▶

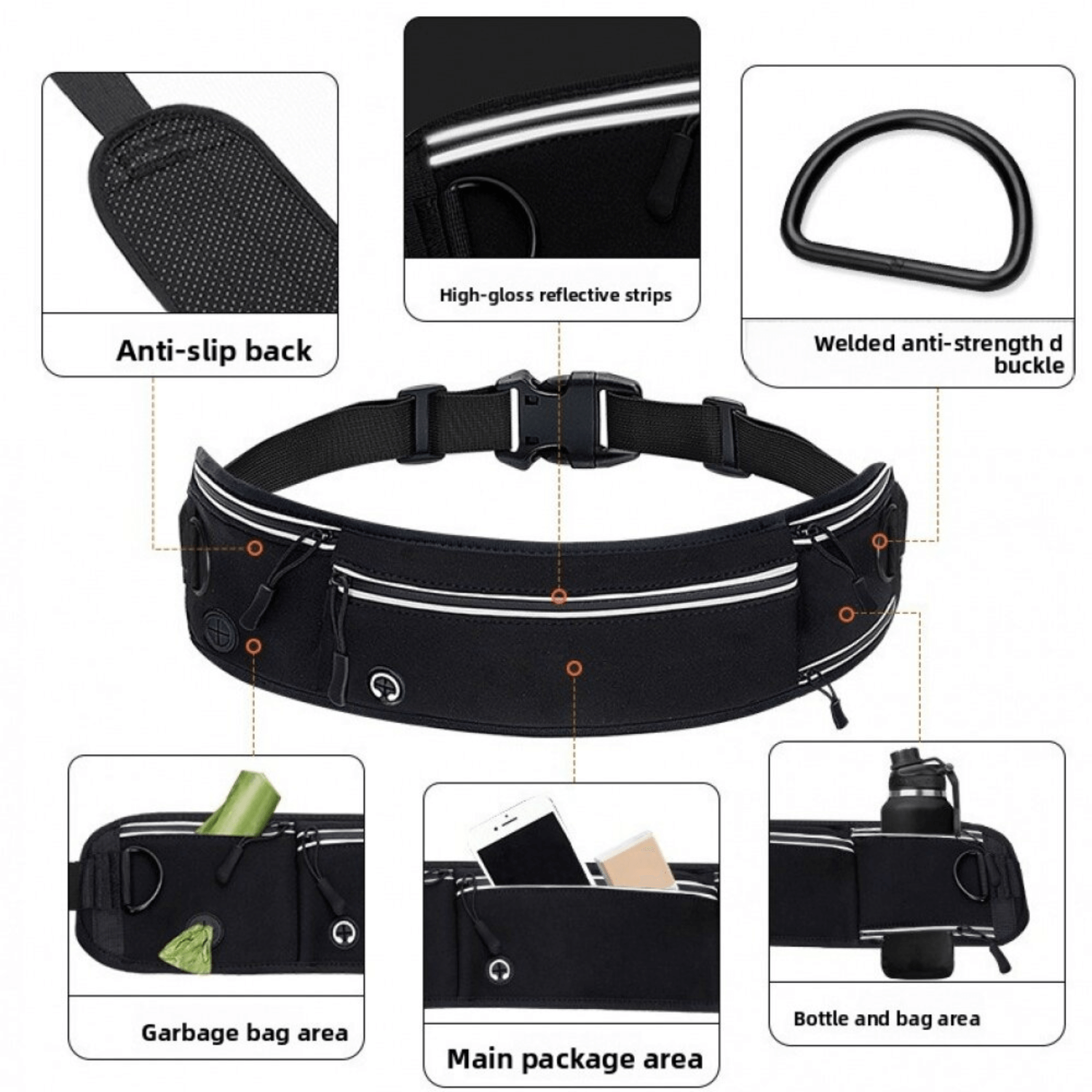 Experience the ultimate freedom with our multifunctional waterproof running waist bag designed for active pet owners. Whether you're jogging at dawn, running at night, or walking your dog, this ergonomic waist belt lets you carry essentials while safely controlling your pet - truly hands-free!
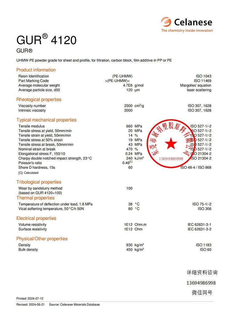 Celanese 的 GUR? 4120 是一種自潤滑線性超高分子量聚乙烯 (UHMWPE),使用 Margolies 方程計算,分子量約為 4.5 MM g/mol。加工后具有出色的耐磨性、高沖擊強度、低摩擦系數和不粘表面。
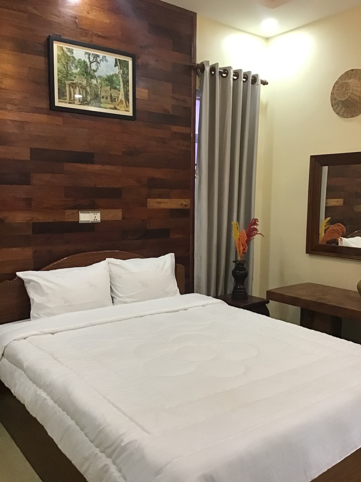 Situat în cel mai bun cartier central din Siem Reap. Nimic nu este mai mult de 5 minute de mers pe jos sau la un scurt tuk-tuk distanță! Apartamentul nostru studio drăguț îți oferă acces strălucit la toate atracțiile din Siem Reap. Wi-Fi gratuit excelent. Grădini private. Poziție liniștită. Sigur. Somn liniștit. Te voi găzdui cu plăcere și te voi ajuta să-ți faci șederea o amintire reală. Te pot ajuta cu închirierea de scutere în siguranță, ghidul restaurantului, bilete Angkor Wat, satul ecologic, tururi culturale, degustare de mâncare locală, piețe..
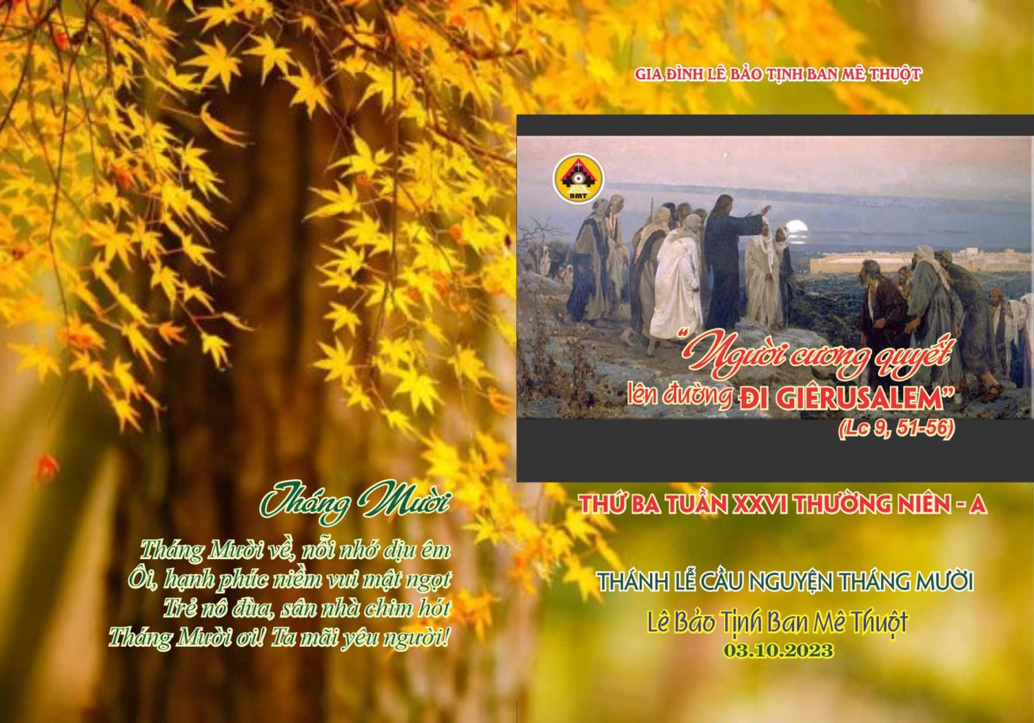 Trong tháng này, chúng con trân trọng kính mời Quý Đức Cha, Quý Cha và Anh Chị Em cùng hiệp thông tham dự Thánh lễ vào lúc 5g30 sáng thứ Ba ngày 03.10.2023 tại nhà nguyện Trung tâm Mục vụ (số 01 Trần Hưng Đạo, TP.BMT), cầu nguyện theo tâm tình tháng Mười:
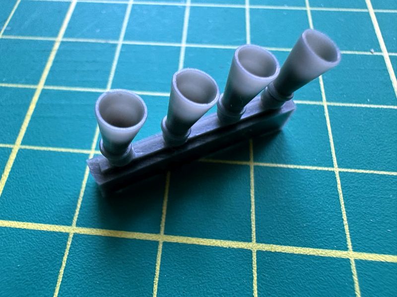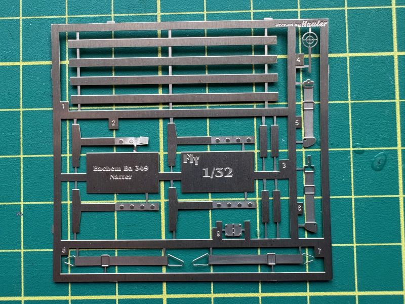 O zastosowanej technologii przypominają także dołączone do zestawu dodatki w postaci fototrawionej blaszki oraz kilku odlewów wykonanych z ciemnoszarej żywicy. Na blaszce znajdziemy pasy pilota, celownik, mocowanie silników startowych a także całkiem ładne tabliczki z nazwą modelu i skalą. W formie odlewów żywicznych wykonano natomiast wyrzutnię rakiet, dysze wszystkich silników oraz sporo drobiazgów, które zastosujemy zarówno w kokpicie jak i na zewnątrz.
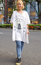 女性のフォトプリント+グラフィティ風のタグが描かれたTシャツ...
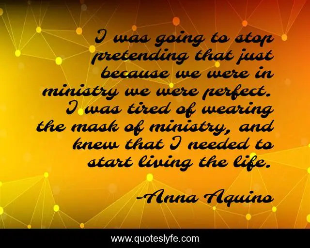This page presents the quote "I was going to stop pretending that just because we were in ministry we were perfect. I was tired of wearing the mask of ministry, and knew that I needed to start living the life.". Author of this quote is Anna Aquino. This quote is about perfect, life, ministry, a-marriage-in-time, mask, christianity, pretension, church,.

◀
▶

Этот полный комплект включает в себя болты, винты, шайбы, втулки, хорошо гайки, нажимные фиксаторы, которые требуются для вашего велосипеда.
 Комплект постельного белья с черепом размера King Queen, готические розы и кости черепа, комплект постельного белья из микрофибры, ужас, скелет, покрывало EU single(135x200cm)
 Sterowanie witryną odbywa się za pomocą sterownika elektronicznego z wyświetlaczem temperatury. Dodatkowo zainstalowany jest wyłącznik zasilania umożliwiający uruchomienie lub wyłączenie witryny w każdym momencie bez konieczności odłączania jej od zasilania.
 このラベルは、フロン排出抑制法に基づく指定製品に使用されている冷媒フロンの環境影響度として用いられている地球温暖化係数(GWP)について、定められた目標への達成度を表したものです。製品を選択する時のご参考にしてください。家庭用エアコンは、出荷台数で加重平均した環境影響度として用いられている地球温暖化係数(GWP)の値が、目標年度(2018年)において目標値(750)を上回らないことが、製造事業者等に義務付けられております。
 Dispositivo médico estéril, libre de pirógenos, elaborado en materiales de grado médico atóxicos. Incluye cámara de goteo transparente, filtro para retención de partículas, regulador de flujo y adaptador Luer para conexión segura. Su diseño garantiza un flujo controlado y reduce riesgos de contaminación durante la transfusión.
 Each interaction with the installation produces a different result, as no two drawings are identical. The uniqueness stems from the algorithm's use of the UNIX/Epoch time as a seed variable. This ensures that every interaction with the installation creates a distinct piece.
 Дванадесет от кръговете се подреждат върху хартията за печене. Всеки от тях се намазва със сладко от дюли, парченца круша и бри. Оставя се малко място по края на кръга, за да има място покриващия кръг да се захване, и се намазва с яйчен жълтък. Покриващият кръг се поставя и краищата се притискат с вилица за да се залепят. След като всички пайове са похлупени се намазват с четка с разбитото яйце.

◀
▶

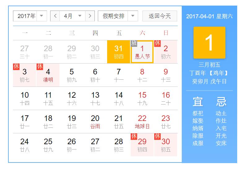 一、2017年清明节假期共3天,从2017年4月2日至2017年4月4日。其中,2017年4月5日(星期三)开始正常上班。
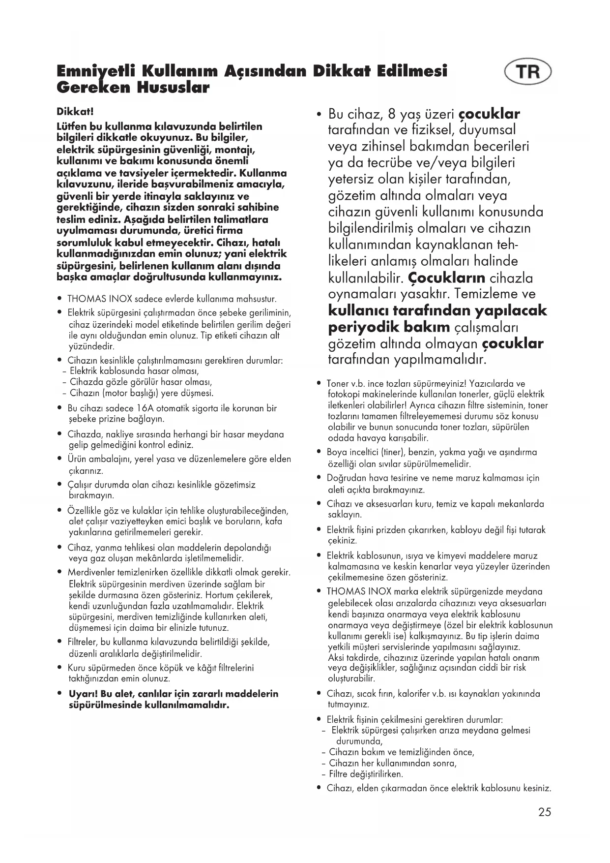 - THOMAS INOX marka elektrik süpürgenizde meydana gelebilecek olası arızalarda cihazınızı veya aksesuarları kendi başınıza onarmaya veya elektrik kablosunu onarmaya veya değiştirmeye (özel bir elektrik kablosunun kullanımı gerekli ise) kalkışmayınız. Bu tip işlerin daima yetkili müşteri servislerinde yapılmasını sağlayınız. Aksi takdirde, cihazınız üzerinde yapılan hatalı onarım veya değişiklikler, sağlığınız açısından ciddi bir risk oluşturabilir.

◀

◆ **What you are asked to do**
Go back to the lines above and output, exactly as they stand, the ones from the line containing "Experience the ultimate" to the line containing "Celanese 的 GUR?". Leave all pictures behind.

◆ **Result of this exercise**
 Experience the ultimate freedom with our multifunctional waterproof running waist bag designed for active pet owners. Whether you're jogging at dawn, running at night, or walking your dog, this ergonomic waist belt lets you carry essentials while safely controlling your pet - truly hands-free!
 Celanese 的 GUR? 4120 是一種自潤滑線性超高分子量聚乙烯 (UHMWPE),使用 Margolies 方程計算,分子量約為 4.5 MM g/mol。加工后具有出色的耐磨性、高沖擊強度、低摩擦系數和不粘表面。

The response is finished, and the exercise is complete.